Build a stapled peptide#

You will learn: how to build a peptide whose two NCAAs are joined by a chemical crosslink (a hydrocarbon staple), exemplified by an NF-Y-derived stapled peptide from PDB 8QU4.

Prerequisites:

Note

The workflow below is identical to Build a protein with a ligand - the only change is the two extra SMILES strings you pass to templateResidueFromSmiles() (one per NCAA). detectNonStandardResidues() reads the staple bond from the input structure’s connectivity on its own, and parameterizeFromSpecs() carries it through to the build without any extra wiring.

What the staple is#

PDB 8QU4 chain A is a 13-mer designed peptide containing two NCAAs:

  • NLE (norleucine) at one end of the staple.

  • MK8 (an α-methyl-norleucine variant) at the other end.

The staple is a single CE-CE bond between the two NCAAs - the closure product of a ring-closing metathesis between two olefinic side chains.
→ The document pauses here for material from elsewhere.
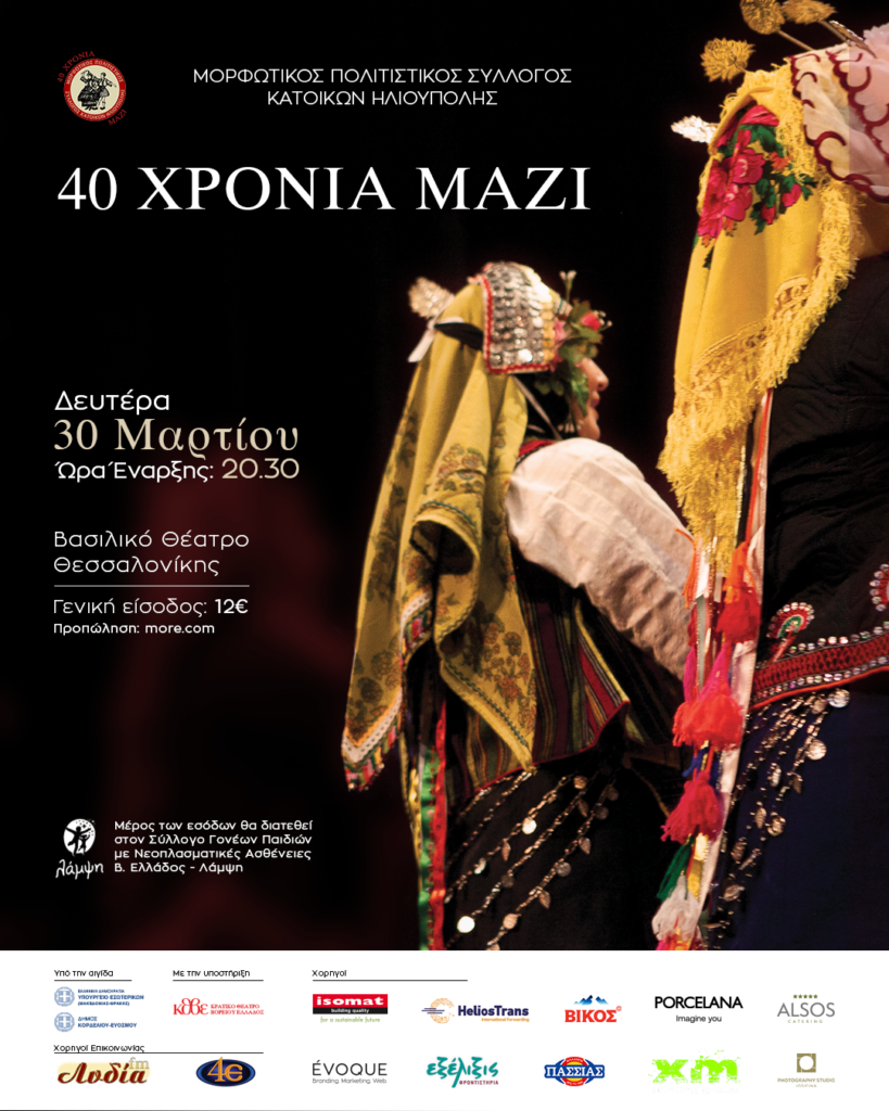 Gregory Grigoras Παρ 20 Μαρ στις 2:46 μ.μ. Προς: Πολιτιστικούς Συντάκτες Από: Γρηγόρη Γρηγορά Φίλες και φίλοι καλησπέρα εύχομαι να είστε όλοι καλά και να περάσετε όμορφα το διάστημα που ακολουθεί και για την πρώτη ημέρα της Άνοιξης – Εαρινή Ισημερία και για την επερχόμενη γιορτή του Ευαγγελισμού και την Εθνική Επέτειο της 25ης Μαρτίου αλλά κοντά είναι και η Μεγάλη Εβδομάδα και το Πάσχα. Σας στέλνω τα παρακάτω για την Επετειακή Παράσταση Παραδοσιακού Χορού και Μουσικής που θα παραχωρήσει ο Μορφωτικός Πολιτιστικός Σύλλογος Κατοίκων Ηλιούπολης συμπληρώνει σαράντα χρόνια συνεχούς και ενεργής παρουσίας στον πολιτιστικό χάρτη του Ευόσμου και της ευρύτερης περιοχής της Θεσσαλονίκης Με την παράκληση να δώσετε περισσότερη προσοχή στην προβολή μιας επετειακής εκδήλωσης και να τιμήσετε με την προβολή, ανάρτηση ή όποιο άλλο τρόπο επιθυμείτε την εκδήλωση. ————————————————————————————————————- Δελτίο τύπου Ηλιούπολη – 40 χρόνια μαζί Μορφωτικός Πολιτιστικός Σύλλογος Κατοίκων Ηλιούπολης γιορτάζει 40 χρόνια Ο Μορφωτικός Πολιτιστικός Σύλλογος Κατοίκων Ηλιούπολης γιορτάζει σαράντα χρόνια συνεχούς πολιτιστικής παρουσίας και προσφοράς στον Εύοσμο με μια επετειακή παράσταση αφιερωμένη στη μνήμη, την παράδοση και τους ανθρώπους του τόπου. Η παράσταση αποτελεί ένα πολιτιστικό ταξίδι στις ρίζες της Ηλιούπολης και στους πληθυσμούς που εγκαταστάθηκαν σε ολόκληρη την περιοχή του Ευόσμου και συνέβαλαν καθοριστικά στη διαμόρφωση της κοινωνικής και πολιτιστικής της ταυτότητας: Πόντιοι, Μικρασιάτες, Θρακιώτες, Σαρακατσάνοι, Βλάχοι, Σερραίοι και Ντόπιοι. Μέσα από παραδοσιακούς χορούς και τραγούδια από τις αντίστοιχες περιοχές, αναδεικνύεται το πολύχρωμο πολιτιστικό μωσαϊκό που χαρακτηρίζει την περιοχή μέχρι σήμερα. Στη σκηνή θα παρουσιαστούν όλα τα ενεργά χορευτικά τμήματα του συλλόγου — παιδικό, εφηβικό-νεανικό και ενηλίκων — καθώς και η χορωδία, αποτυπώνοντας τη διαγενεακή συνέχεια της παράδοσης και τη ζωντανή σχέση του συλλόγου με την τοπική κοινωνία. Την παράσταση πλαισιώνει ζωντανή παραδοσιακή μουσική από καταξιωμένους μουσικούς, οι οποίοι με τα όργανα και τις φωνές τους δίνουν αυθεντικότητα και δύναμη στο καλλιτεχνικό αποτέλεσμα: ο Ηλίας Δημάνος στο νταούλι, ο Γιάννης Μάλαμας και ο Χρήστος Μάλαμας στον ζουρνά, ο Γιώργος Ουζούνης στο κλαρίνο, ο Γιώργος Νταβλιάκος στο σοπράνο, ο Σταύρος Σεραφείμ στην τρομπέτα, ο Άγγελος Μούτσας στα κρουστά, ο Δημήτρης Παληογιάννης στο λαούτο, ο Γιάννης Κουσουλάκης στο βιολί και ο Σταύρος Μπόνιας στο τραγούδι. Η επετειακή αυτή εκδήλωση δεν αποτελεί απλώς έναν εορτασμό ενός αριθμού, αλλά μια ζωντανή μαρτυρία σαράντα χρόνων συλλογικής πορείας, προσφοράς και αγάπης για την παράδοση. Είναι ένας φόρος τιμής στους ανθρώπους που οραματίστηκαν και στήριξαν τον σύλλογο από το 1986 μέχρι σήμερα, καθώς και μια υπόσχεση συνέχισης της πολιτιστικής του διαδρομής στο μέλλον. Ημερομηνία: 30 Μαρτίου 2026 Χώρος: Βασιλικό Θέατρο Θεσσαλονίκης Τιμή εισόδου: 12€ Ώρα έναρξης: 20:30 ———————————————————————————————– Ιστορικό εκδηλώσεων Ετήσιες εκδηλώσεις Ηλιουπολίτικα – 2ημερο πολιτιστικών εκδηλώσεων τον Μάιο Χορωδιακό Αντάμωμα – Συνάντηση χορωδιών Χριστουγεννιάτικο Bazaar Χριστουγεννιάτικη εκδήλωση με παραδοσιακούς χορούς Καφές της αγάπης – φιλανθρωπική εκδήλωση Χορευτικό αντάμωμα – Γλέντι με π

There is no canonical anchor between them: the crosslink joins two NCAAs directly.

For the build flow, this means detectNonStandardResidues() returns two ChainResidueSpec entries (one per NCAA) with anchor_atom set to the staple atom (CE), and parameterizeFromSpecs() emits exactly one entry in custombonds for the staple closure.

Note

This tutorial skips solvation and ionisation so the build runs in seconds and the focus stays on the staple. For a production run, either solvate first with solvate() (and keep ionize=True on the build) or build with implicit solvent by passing gbsa=True to build().

Setup#

from moleculekit.molecule import Molecule
from moleculekit.tools.nonstandard_residues import detectNonStandardResidues
from moleculekit.tools.preparation import systemPrepare
from htmd.builder import amber
from htmd.builder.nonstandard import parameterizeFromSpecs
Copyright by Acellera Ltd. By executing you are accepting the License. In order to register, run htmd_register on your terminal.
The registration information must be valid so that it might be verified.
rdkit - INFO - Enabling RDKit 2026.03.3 jupyter extensions

Step 1 - Load and segment#

mol = Molecule("8QU4")
mol.filter("chain A")
mol.segid[:] = "P"
moleculekit.molecule - WARNING - Alternative atom locations detected. Only altloc A was kept. If you prefer to keep all use the keepaltloc="all" option when reading the file.
moleculekit.molecule - INFO - Removed 80 atoms. 1568 atoms remaining in the molecule.
moleculekit.molecule - INFO - Removed 1440 atoms. 128 atoms remaining in the molecule.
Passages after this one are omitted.